-------- Exercise input

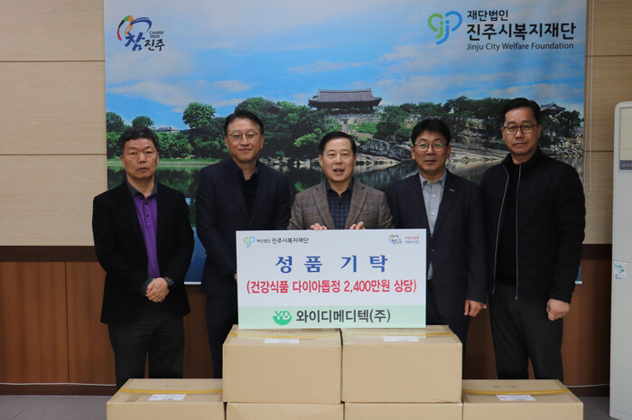 [진주=엄기동 기자] 진주시복지재단은 13일, 와이디메디텍㈜로부터 건강기능식품 800개(환가액 2400만원 상당)를 기탁받았다.
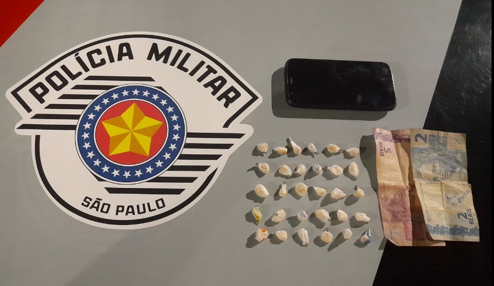 A equipe realizava o patrulhamento pelo bairro Marrecas no município de Panorama, e avistaram duas pessoas, sendo que uma delas adentrou um terreno vazio e ao retornar e visualizar a viatura e tentou empreender fuga, sendo logo abordado (masculino 21 anos) e submetido a busca pessoal, foi localizado na bermuda uma porção de substância análoga a crack, um aparelho de telefone celular e uma quantia em dinheiro, indagado informou que a droga seria vendida a um usuário, e mostrou o local onde estava homiziada uma sacola plástica, contendo mais 29 porções de crack. Diante dos fatos o autor foi encaminhado ao Plantão de Polícia Judiciária de Dracena, onde permaneceu à disposição da Justiça.
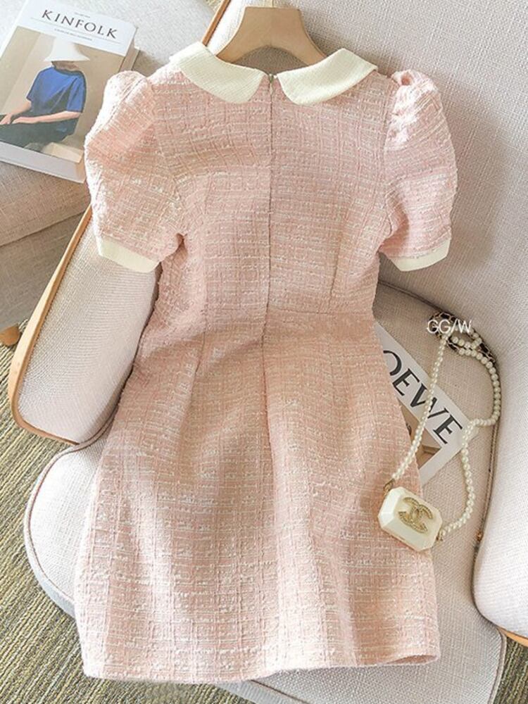 小さ香りツイードドレス夏甘いショートドレスパーティー Vestidos ローブ 大人ガーリー スウィート キュート カジュアル サマー 夏物
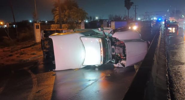 Minutos más tarde se registraba la volcadura de la camioneta van en la misma bajada de la rampa mencionada.
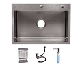 -incluye desagüe y sifón estilo cuello ganso flexible, rejilla, dispensador de jabon.
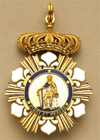 ORDRE ROYAL DE SAINT FERDINAND ET DU MÉRITE L'Ordre fut créé le 1er Avril 1800, par Ferdinand IV Roi de Naples et Sicile, pour récompenser ceux qui avaient rendu de très importants services et fait preuve de fidélité au Chef de la Maison Royale et à la Famille Royale. Les Statuts furent réformés en 1810. L’Ordre est divisé en trois Classes : Chevaliers de Grand-Croix, avec écharpe, croix et plaque - Chevaliers Commandeurs, avec ruban de cou et croix - Chevaliers, avec ruban et croix à la boutonnière. L'Ordre comprend également deux médailles : une d'or et une d'argent, annexées à l'Ordre. Le ruban est bleu ourlé de rouge foncé. Le Grand Maître actuel est S.A.R. le Prince Ferdinand de Bourbon des Deux-Siciles, Duc de Castro.
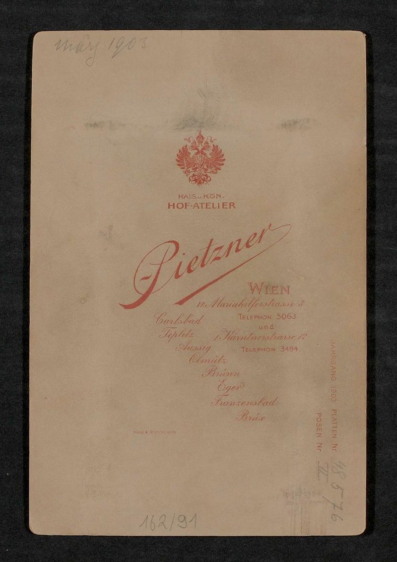 Die Fotografie wurde von Carl Pietzner, Wien, angefertigt.
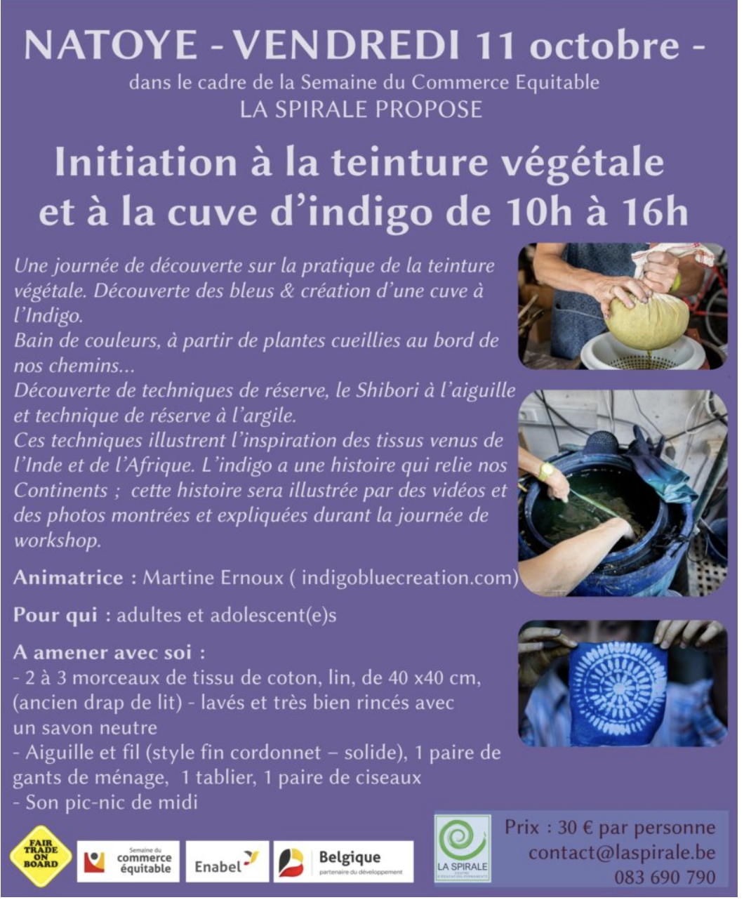 Atelier sur la teinture indigo (pour adolescent.e.s et adultes) et confection de pochettes/tote bags à partir de tissus récupérés, avec Martine Ernoux (Satya Pure Elements), sensibilisation au marché du coton et aux vêtements éthiques. Puis partage d’un goûter/débat autour de la consommation textile avec l’ASBl « Trame » de Namur.
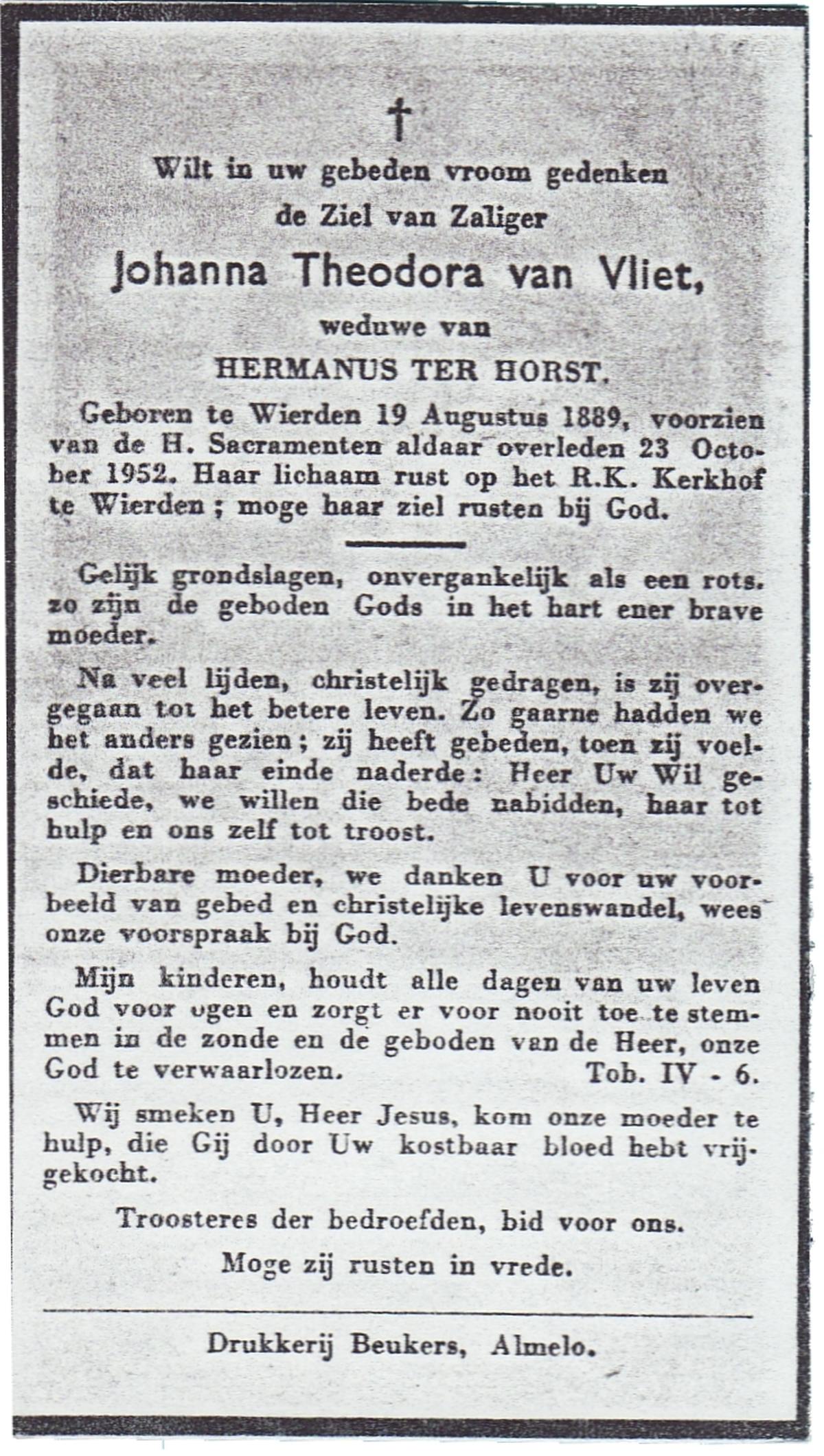 VLIET, van, Johanna Theodora, geboren op 19-08-1889 te Wierden, overleden op 23-10-1952 op 63-jarige leeftijd, begraven te Wierden.

----------------

From the records above, transcribe only the stretch from the line with "Minutos más tarde" through the line with "-incluye desagüe y", keeping both ends. Omit pictures.

 Minutos más tarde se registraba la volcadura de la camioneta van en la misma bajada de la rampa mencionada.
 -incluye desagüe y sifón estilo cuello ganso flexible, rejilla, dispensador de jabon.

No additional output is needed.